Exercise description — Although the entries contain pictures, copy only their text, exactly as written.

Data records —
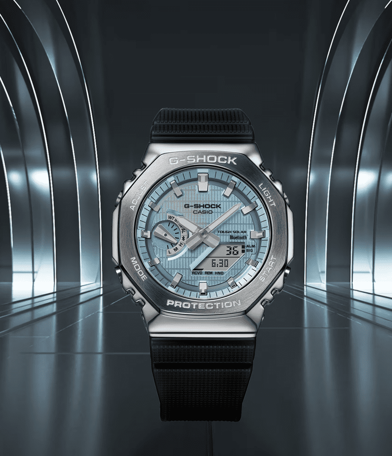 GM-2100の八角形フォルムはそのままに、スマートフォンリンクとタフソーラーを搭載したメタルベゼルのモデルです。バンドにはバイオマスブラスチックを採用し、環境にも配慮しました。
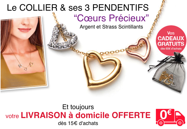 Un collier 3 coeurs en cadeau à partir de 60 € d'achats.
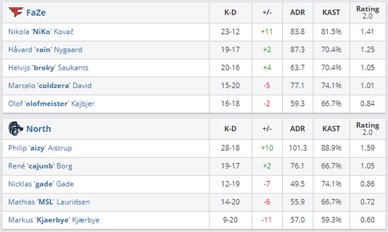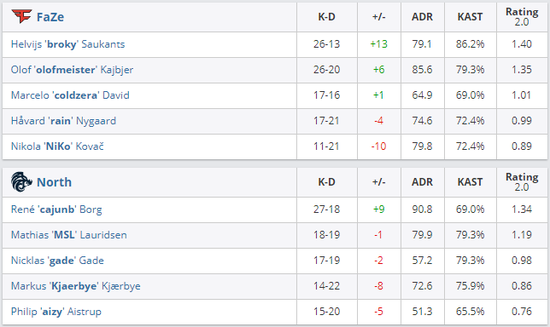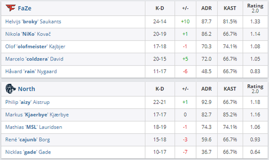 先做防守方的FaZe先发制人拿下了手枪局,长枪局虽然B区数度被North的快攻攻陷,但正面对枪很难取得优势的North还是有些举步维艰,几个关键残局也都没能把握住,各点开花的FaZe上半场取得大比分领先。下半场FaZe被连追七分,但手握大比分领先的他们在赛点局祭出一波放rain战术,顺利拿到最后一分以16-11拿下图一。
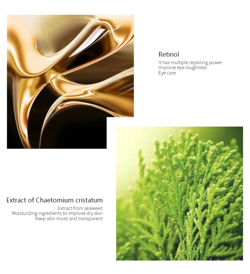 1. Увлажнение: повышают эластичность кожи, смягчают мешки под глазами, улучшают темные круги, лечат усталость глаз, уменьшают отечность, разглаживают гусиные лапки и тонкие линии с уникальным сочетанием натуральных ингредиентов
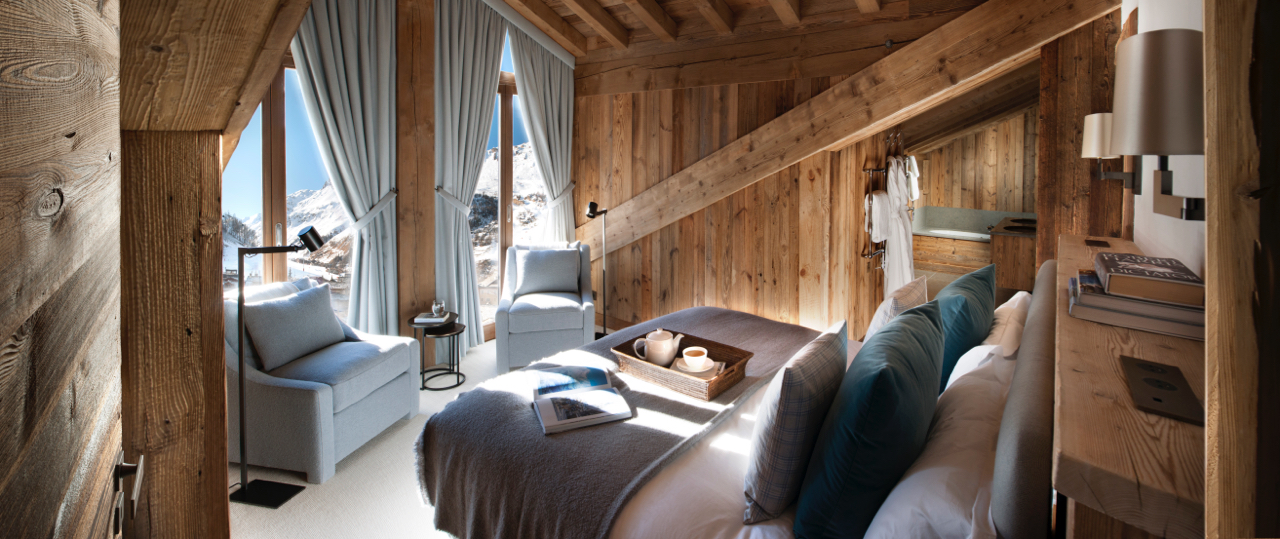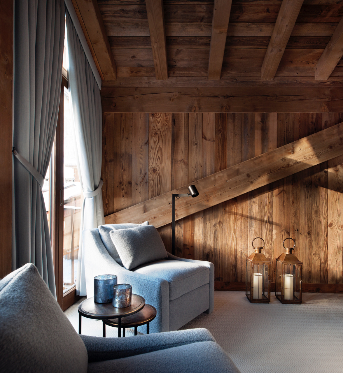 You are here: Nicky Dobree Interior Design Ltd project Chalet La Canadienne See Nicky Dobree Interior Design Ltd profile Gallery sitting room Living guest bedroom ensuite master bedroom master bedroom chairs and reading lamps
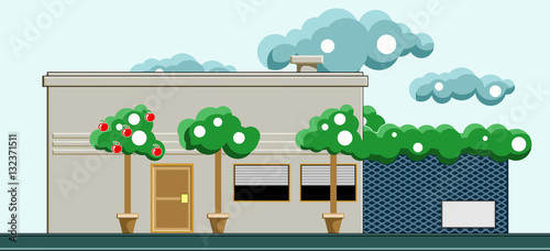 Fototapeta premium A house with front trees and clouds in the sky. Vector flat
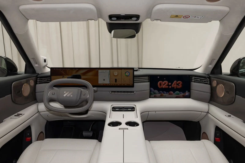 Không gian nội thất của IM LS8 mang phong cách sang trọng và công nghệ cao với ba tông màu chủ đạo gồm nâu xám, be xám và đen xám. Cabin được hoàn thiện bằng nhiều vật liệu mềm, phối màu hai tông tinh tế kết hợp hệ thống đèn viền nội thất. Xe tiếp tục sử dụng màn hình buồng lái 5K kích thước 27,1 inch cùng màn hình giải trí riêng cho hành khách 15,6 inch độ phân giải 3K, vận hành trên nền tảng hệ điều hành thông minh IM AIOS. Điểm nổi bật là hệ thống trí tuệ nhân tạo IM Ultra Agent với khả năng xử lý ngôn ngữ tự nhiên vượt trội, cho phép tương tác nhanh chóng, phản hồi gần như tức thì và học thói quen người dùng mà không cần lặp lại lệnh nhiều lần.
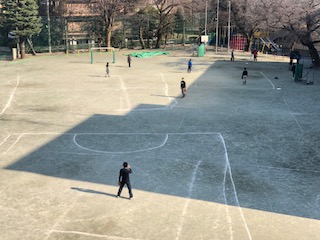 校庭でPTAソフトボール部と教員チームの交流試合を行いました。来週の土曜日はサッカーでの交流を予定しています。
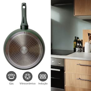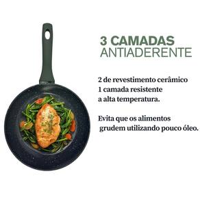 - DESIGN: A frigideira foi projetada em alumínio com revestimento cerâmico, possui um fundo triplo para fogão de indução. Com sua característica antiaderente, diminui a necessidade de usar azeite e óleo. O cabo possui revestimento com tecnologia soft-touch, toque macio e confortável ao segurar, prevenindo acidentes e queimaduras.

Result below —
 GM-2100の八角形フォルムはそのままに、スマートフォンリンクとタフソーラーを搭載したメタルベゼルのモデルです。バンドにはバイオマスブラスチックを採用し、環境にも配慮しました。
 Un collier 3 coeurs en cadeau à partir de 60 € d'achats.
 先做防守方的FaZe先发制人拿下了手枪局,长枪局虽然B区数度被North的快攻攻陷,但正面对枪很难取得优势的North还是有些举步维艰,几个关键残局也都没能把握住,各点开花的FaZe上半场取得大比分领先。下半场FaZe被连追七分,但手握大比分领先的他们在赛点局祭出一波放rain战术,顺利拿到最后一分以16-11拿下图一。
 1. Увлажнение: повышают эластичность кожи, смягчают мешки под глазами, улучшают темные круги, лечат усталость глаз, уменьшают отечность, разглаживают гусиные лапки и тонкие линии с уникальным сочетанием натуральных ингредиентов
 You are here: Nicky Dobree Interior Design Ltd project Chalet La Canadienne See Nicky Dobree Interior Design Ltd profile Gallery sitting room Living guest bedroom ensuite master bedroom master bedroom chairs and reading lamps
 Fototapeta premium A house with front trees and clouds in the sky. Vector flat
 Không gian nội thất của IM LS8 mang phong cách sang trọng và công nghệ cao với ba tông màu chủ đạo gồm nâu xám, be xám và đen xám. Cabin được hoàn thiện bằng nhiều vật liệu mềm, phối màu hai tông tinh tế kết hợp hệ thống đèn viền nội thất. Xe tiếp tục sử dụng màn hình buồng lái 5K kích thước 27,1 inch cùng màn hình giải trí riêng cho hành khách 15,6 inch độ phân giải 3K, vận hành trên nền tảng hệ điều hành thông minh IM AIOS. Điểm nổi bật là hệ thống trí tuệ nhân tạo IM Ultra Agent với khả năng xử lý ngôn ngữ tự nhiên vượt trội, cho phép tương tác nhanh chóng, phản hồi gần như tức thì và học thói quen người dùng mà không cần lặp lại lệnh nhiều lần.
 校庭でPTAソフトボール部と教員チームの交流試合を行いました。来週の土曜日はサッカーでの交流を予定しています。
 - DESIGN: A frigideira foi projetada em alumínio com revestimento cerâmico, possui um fundo triplo para fogão de indução. Com sua característica antiaderente, diminui a necessidade de usar azeite e óleo. O cabo possui revestimento com tecnologia soft-touch, toque macio e confortável ao segurar, prevenindo acidentes e queimaduras.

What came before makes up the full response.